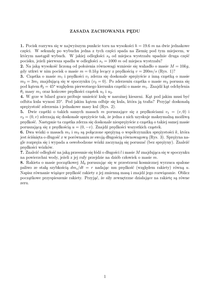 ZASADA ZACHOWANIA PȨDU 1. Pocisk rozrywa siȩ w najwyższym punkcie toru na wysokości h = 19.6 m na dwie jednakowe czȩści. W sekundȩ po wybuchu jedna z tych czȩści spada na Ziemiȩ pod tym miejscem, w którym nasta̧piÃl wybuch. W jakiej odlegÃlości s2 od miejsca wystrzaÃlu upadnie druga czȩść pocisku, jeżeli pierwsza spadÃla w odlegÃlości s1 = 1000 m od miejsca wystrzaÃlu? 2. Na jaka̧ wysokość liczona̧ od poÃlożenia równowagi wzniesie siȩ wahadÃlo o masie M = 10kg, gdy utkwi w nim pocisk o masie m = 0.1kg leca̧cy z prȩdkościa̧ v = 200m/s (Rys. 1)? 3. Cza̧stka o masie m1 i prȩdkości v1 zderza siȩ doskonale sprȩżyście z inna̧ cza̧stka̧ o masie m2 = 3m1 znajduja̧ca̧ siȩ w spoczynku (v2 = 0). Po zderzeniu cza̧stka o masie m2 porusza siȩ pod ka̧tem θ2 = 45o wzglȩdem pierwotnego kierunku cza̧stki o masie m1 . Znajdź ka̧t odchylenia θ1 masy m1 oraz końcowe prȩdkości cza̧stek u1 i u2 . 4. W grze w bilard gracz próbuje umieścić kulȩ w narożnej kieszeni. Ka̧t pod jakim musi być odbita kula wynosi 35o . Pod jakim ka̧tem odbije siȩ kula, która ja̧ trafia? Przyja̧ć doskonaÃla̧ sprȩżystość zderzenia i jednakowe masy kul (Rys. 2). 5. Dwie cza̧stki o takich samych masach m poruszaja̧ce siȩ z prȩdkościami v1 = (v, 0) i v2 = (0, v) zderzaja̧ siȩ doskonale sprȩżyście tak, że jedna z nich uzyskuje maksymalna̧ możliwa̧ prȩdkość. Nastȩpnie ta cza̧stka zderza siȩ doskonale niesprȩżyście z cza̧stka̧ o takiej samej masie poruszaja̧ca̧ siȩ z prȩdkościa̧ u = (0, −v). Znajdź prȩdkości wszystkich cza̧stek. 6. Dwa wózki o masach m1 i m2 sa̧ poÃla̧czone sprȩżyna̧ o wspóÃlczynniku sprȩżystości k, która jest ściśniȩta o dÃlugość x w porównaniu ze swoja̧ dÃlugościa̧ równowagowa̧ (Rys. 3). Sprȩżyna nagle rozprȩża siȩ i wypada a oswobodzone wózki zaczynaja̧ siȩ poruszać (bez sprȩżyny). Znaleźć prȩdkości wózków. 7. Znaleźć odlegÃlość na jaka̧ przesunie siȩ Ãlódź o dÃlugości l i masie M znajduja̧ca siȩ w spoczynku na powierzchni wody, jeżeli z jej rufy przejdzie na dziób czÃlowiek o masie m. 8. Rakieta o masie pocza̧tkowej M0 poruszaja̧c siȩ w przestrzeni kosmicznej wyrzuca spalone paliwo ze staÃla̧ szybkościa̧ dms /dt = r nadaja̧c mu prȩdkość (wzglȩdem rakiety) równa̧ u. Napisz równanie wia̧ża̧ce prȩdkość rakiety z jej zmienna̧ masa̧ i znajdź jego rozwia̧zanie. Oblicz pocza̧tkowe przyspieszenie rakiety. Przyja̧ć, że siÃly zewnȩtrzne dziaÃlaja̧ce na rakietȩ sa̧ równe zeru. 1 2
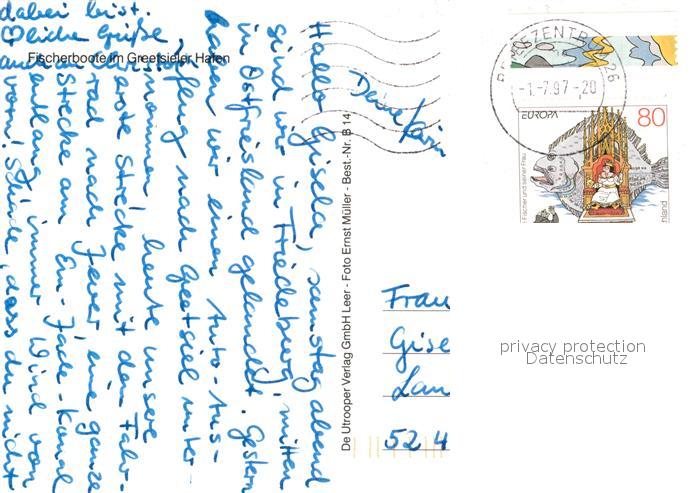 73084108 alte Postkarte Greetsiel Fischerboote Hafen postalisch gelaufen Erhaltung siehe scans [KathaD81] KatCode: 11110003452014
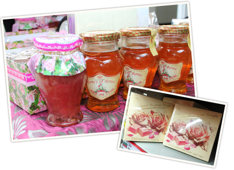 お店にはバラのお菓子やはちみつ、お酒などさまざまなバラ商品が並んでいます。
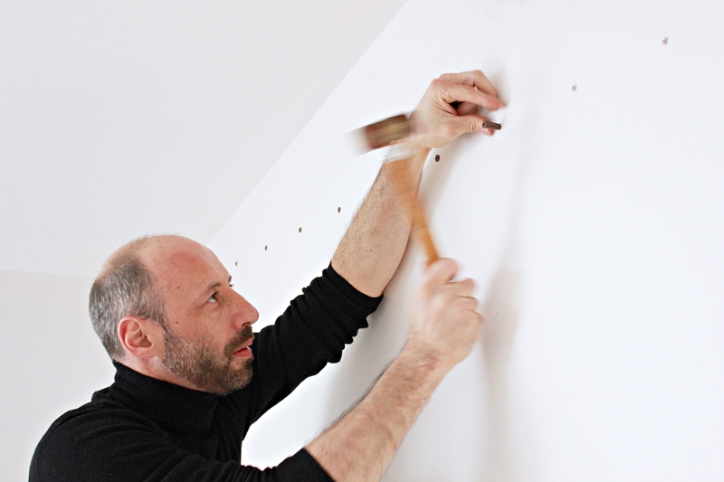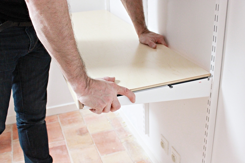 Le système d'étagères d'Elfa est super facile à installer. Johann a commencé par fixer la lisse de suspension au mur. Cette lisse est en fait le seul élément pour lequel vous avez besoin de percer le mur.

____________________

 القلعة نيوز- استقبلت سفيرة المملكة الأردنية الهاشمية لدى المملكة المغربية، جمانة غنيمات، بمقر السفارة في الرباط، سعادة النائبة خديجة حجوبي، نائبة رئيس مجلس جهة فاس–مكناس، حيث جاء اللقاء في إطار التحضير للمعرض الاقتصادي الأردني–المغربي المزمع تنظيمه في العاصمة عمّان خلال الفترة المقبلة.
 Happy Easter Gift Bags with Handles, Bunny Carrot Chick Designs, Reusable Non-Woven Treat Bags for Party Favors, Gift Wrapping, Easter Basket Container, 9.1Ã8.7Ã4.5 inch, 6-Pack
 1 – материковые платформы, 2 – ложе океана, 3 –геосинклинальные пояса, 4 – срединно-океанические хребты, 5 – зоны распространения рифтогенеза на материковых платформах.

____________________

Required action: Copy the records above exactly, beginning at the line that contains "Happy Easter Gift" and stopping after the line that contains "1 – материковые".

Output for this exercise:
 Happy Easter Gift Bags with Handles, Bunny Carrot Chick Designs, Reusable Non-Woven Treat Bags for Party Favors, Gift Wrapping, Easter Basket Container, 9.1Ã8.7Ã4.5 inch, 6-Pack
 1 – материковые платформы, 2 – ложе океана, 3 –геосинклинальные пояса, 4 – срединно-океанические хребты, 5 – зоны распространения рифтогенеза на материковых платформах.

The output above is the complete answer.